Miliband moves to protect Israeli politicians from UK laws
Mick Napier, 15 December 2009

Israeli ex-Minister Livni called off her planned visit to London after a Westminster magistrate issued an warrant for her arrest for her involvement in the planning of war crimes in Gaza. Like the verdicts of British juries that the Israeli Army murdered Tom Hurndall and journalist James Miller, previous arrest warrants for war crimes against Doron Almog, and the hurried exit of other Israeli generals, the latest UK magistrate's decision to issue an arrest warrant for an Israeli Government official on war crimes charges adds to the long-term build up of pressure for the British Government to break with its support for Israel.
 

For the moment, however, UK Foreign Minister David Miliband chose to "act with expediency to change the insufferable situation" where war criminals can be charged with war crimes. Livni had been due to address a London conference of the racist Jewish National Fund, whose sponsors include Gordon Brown and David Cameron, and Lib Dem Leader Nic Clegg.

Brown_livni
The legal provision to charge individuals who commit war crimes anywhere in the world when they set foot on UK soil was largely due to revulsion at Nazi mass killings during WWII and the determination to make sure they could not happen again. UN Judge Richard Goldstone last month attacked the Israeli sense of impunity in its commission of war crimes, due, Goldstone said, to unstinting Western support for Israeli aggression.
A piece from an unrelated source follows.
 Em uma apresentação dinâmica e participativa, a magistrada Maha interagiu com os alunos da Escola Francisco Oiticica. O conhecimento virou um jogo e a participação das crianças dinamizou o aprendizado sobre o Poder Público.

Livni's office described her as "proud of all her decisions regarding Operation Cast Lead" and that, "the operation achieved its objectives to...restore Israel's deterrence capability."
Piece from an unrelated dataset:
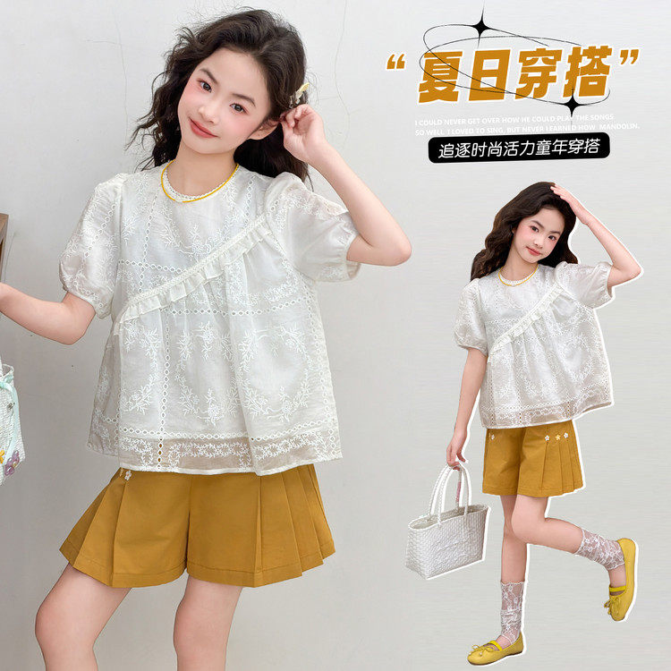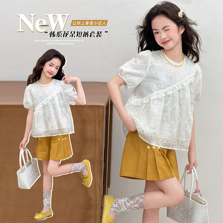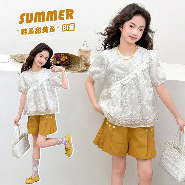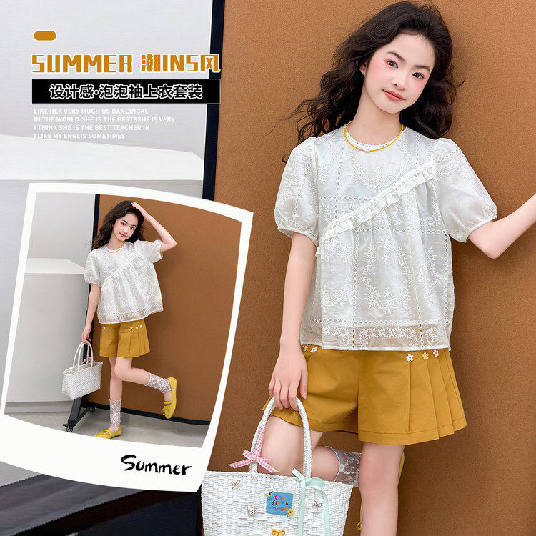 女童夏装波点娃娃衫套装洋气泡泡袖上衣短裤两件套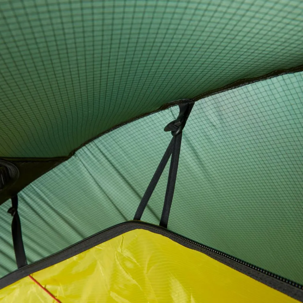 Als Material wird Kerlon 1200 Gewebe verarbeitet, das eine Weiterreißfestigkeit von 12 kg besitzt. Das Gestänge ist 9 mm dick und somit für normale Schneefälle und starke Herbststürme ausreichend gewappnet. Das Außenzelt reicht bis zum Boden, damit kein Schnee zwischen Innen- und Außenzelt geweht werden kann. Mindestens ein hoch angebrachter Lüfter lässt die Luft im Zelt gut zirkulieren.

How will Miliband force through a change in British law to protect Israeli "Pinochets"? If the Lib Dems support him, he might force it through Parliament very quickly. If they don't, he will have to find other means and, with opinion in Britain hardening against Israel as a result of its last massacre in Gaza, that move will provoke widespread opposition.

After all, Miliband has been promising the Israeli ethnic cleansers for a long time that he would sort this matter out to their satisfaction and he has failed to move on the matter because he knows the storm it could unleash to seek to undo a law designed to keep out mass murderers.

British support for Israeli crimes is consistent and long-standing. The UK Government's open interference in the British legal system to protect Israeli war criminals will be an issue on which Palestinian solidarity campaigners and human rights supporters need to force each elected politician to take a public stance and make each open supporter of Israeli war criminals pay a political price.